Input data:
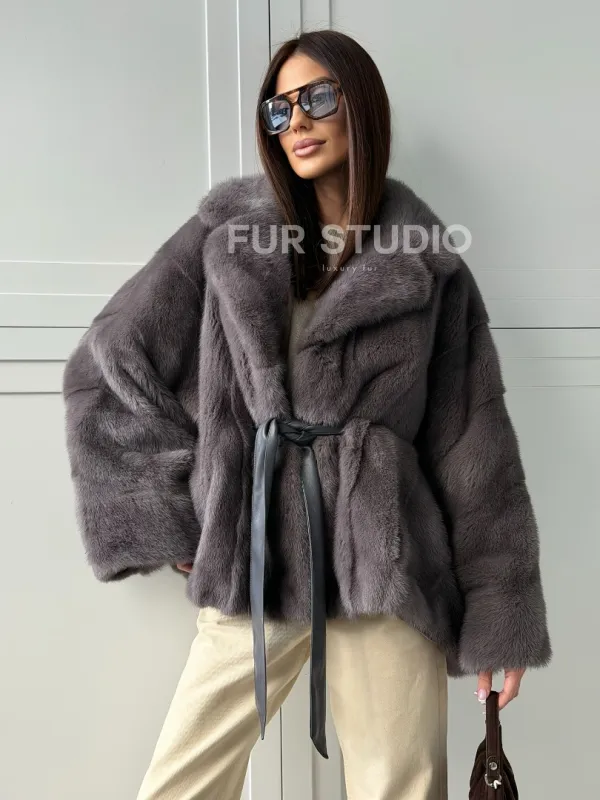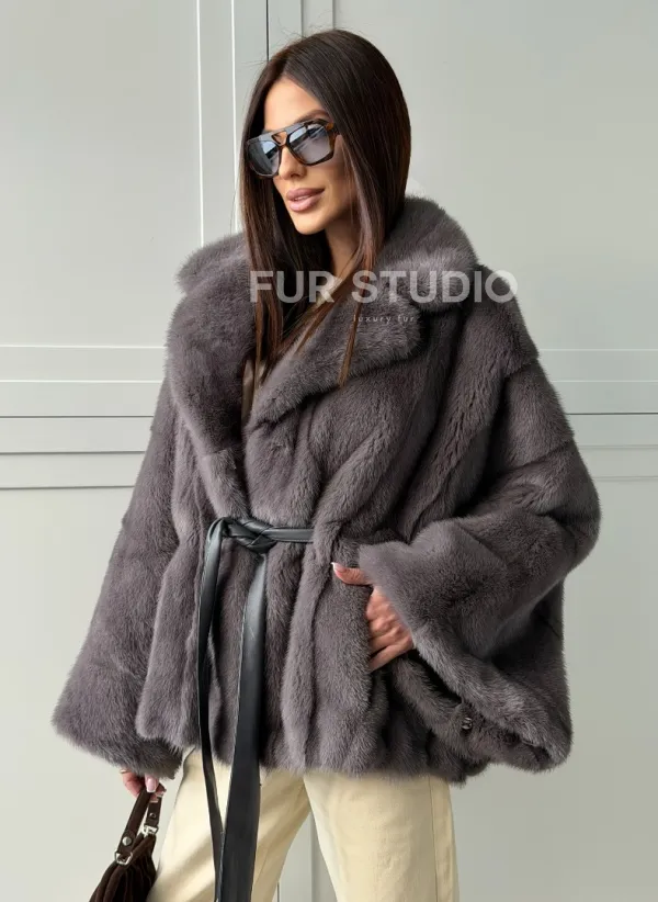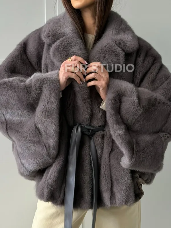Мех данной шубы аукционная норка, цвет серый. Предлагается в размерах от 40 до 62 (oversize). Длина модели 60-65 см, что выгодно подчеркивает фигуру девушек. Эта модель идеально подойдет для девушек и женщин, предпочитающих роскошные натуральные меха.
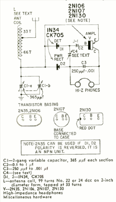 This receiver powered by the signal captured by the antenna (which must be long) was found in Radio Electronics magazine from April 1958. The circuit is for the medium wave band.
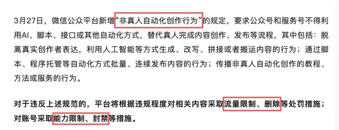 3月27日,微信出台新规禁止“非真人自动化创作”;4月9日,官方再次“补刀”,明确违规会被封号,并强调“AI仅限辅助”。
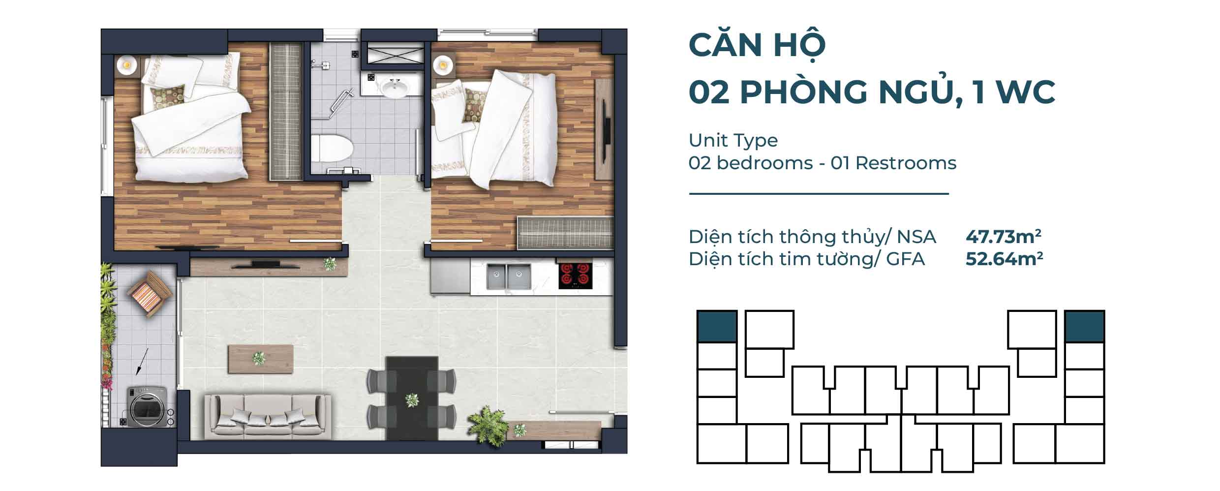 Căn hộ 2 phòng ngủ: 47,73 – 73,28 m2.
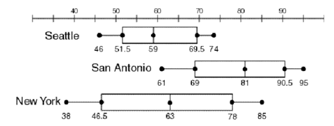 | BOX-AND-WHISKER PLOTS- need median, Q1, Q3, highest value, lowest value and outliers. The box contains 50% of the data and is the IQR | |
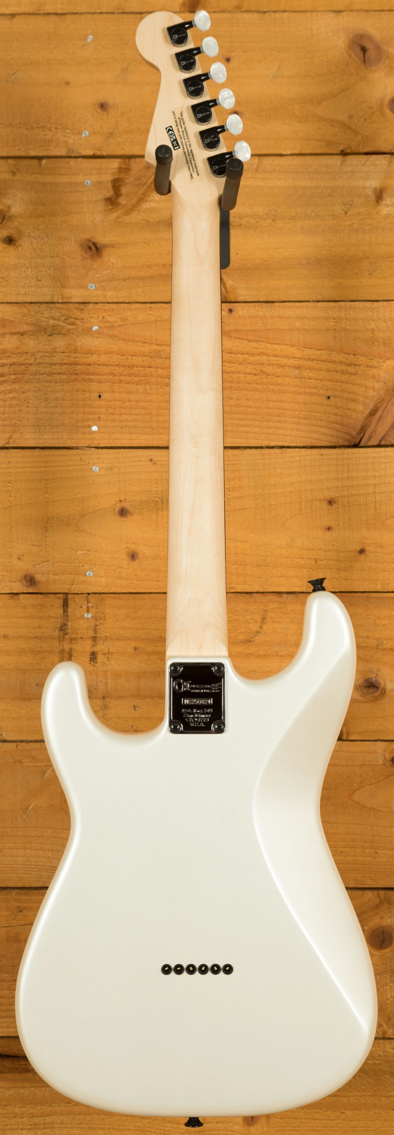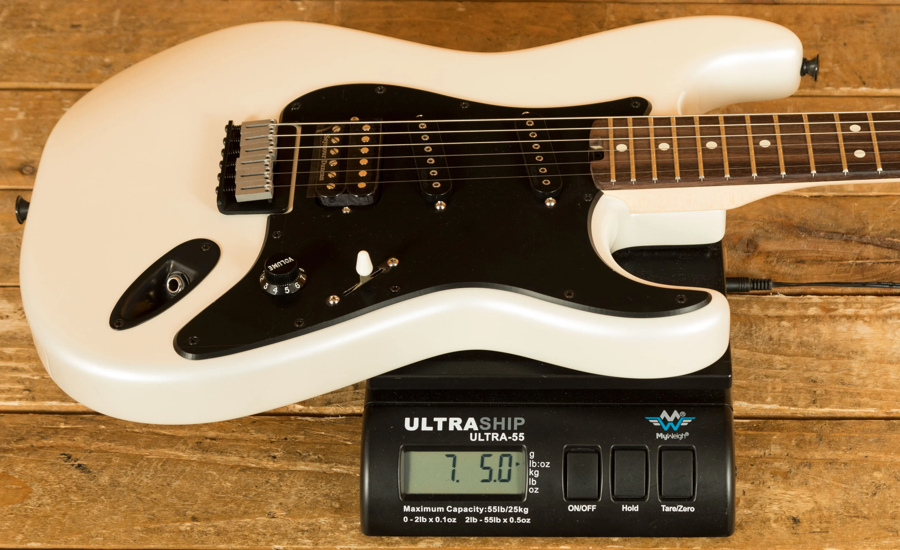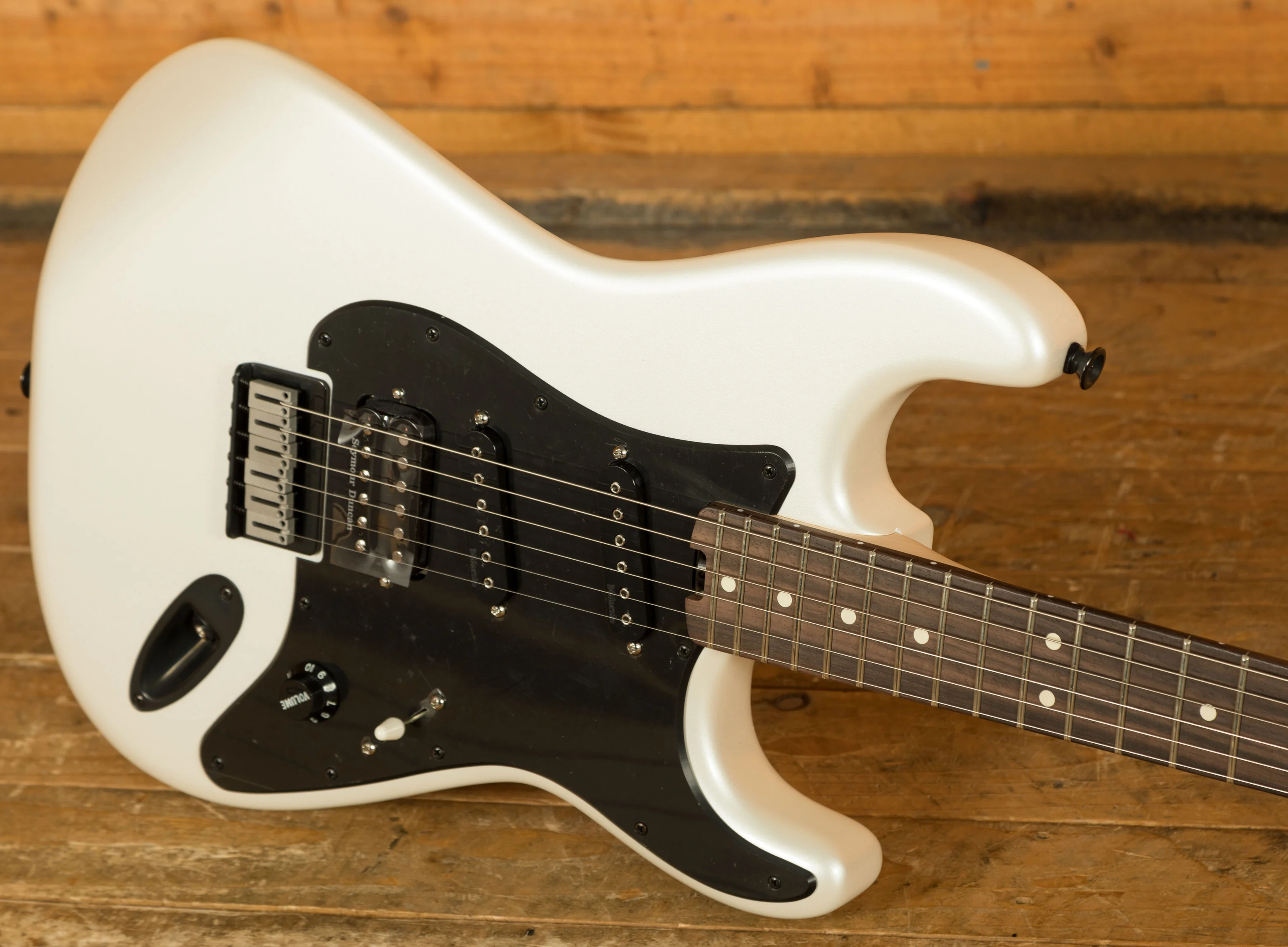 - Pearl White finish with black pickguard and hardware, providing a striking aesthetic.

Aim of the task:
Write out exactly the lines beginning with the line that holds "Căn hộ 2 phòng ngủ: 47,73 – 73,28 m2." and ending with the final line of the data, both ends included, without the pictures.

Solution to this exercise:
 Căn hộ 2 phòng ngủ: 47,73 – 73,28 m2.
 | BOX-AND-WHISKER PLOTS- need median, Q1, Q3, highest value, lowest value and outliers. The box contains 50% of the data and is the IQR | |
 - Pearl White finish with black pickguard and hardware, providing a striking aesthetic.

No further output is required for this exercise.